--- Material provided Enclosed Below ---
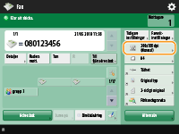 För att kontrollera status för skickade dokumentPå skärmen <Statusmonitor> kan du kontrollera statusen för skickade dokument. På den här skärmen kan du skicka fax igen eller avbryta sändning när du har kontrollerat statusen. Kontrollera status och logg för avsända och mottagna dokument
--- End of Enclosed Material provided ---
--- Material provided Enclosed Below ---
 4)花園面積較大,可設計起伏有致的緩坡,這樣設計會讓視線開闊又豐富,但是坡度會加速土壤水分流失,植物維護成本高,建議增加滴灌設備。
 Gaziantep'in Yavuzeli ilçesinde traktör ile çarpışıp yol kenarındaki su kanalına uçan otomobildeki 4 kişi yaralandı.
--- End of Enclosed Material provided ---
--- Material provided Enclosed Below ---
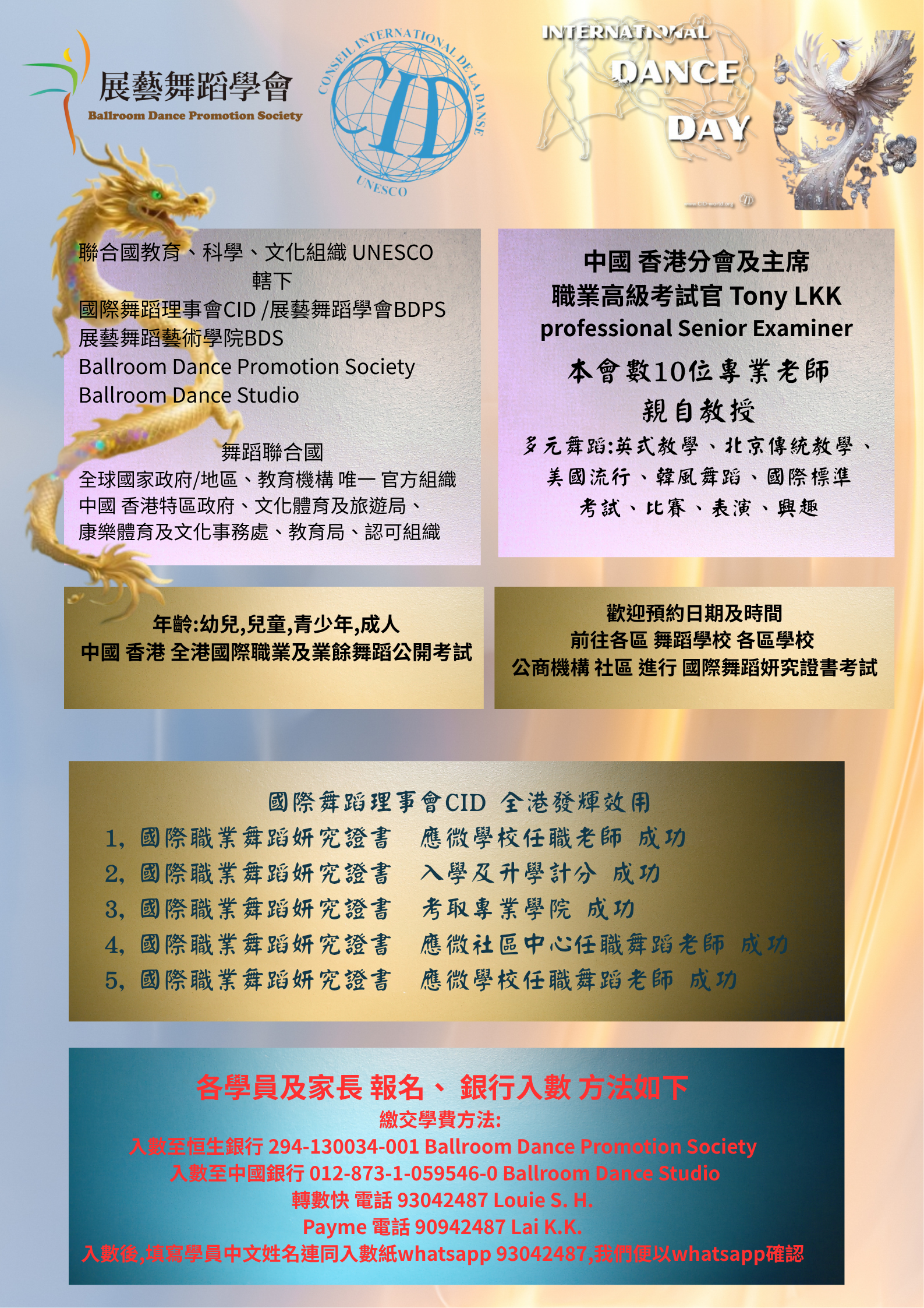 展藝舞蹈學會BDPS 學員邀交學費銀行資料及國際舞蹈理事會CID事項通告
--- End of Enclosed Material provided ---
Assignment ▸ Using only the entries above, output the line with "4)花園面積較大,可設計起伏", the line with "Gaziantep'in Yavuzeli ilçesinde", and all lines between them, exactly as they stand.

The answer ▸
 4)花園面積較大,可設計起伏有致的緩坡,這樣設計會讓視線開闊又豐富,但是坡度會加速土壤水分流失,植物維護成本高,建議增加滴灌設備。
 Gaziantep'in Yavuzeli ilçesinde traktör ile çarpışıp yol kenarındaki su kanalına uçan otomobildeki 4 kişi yaralandı.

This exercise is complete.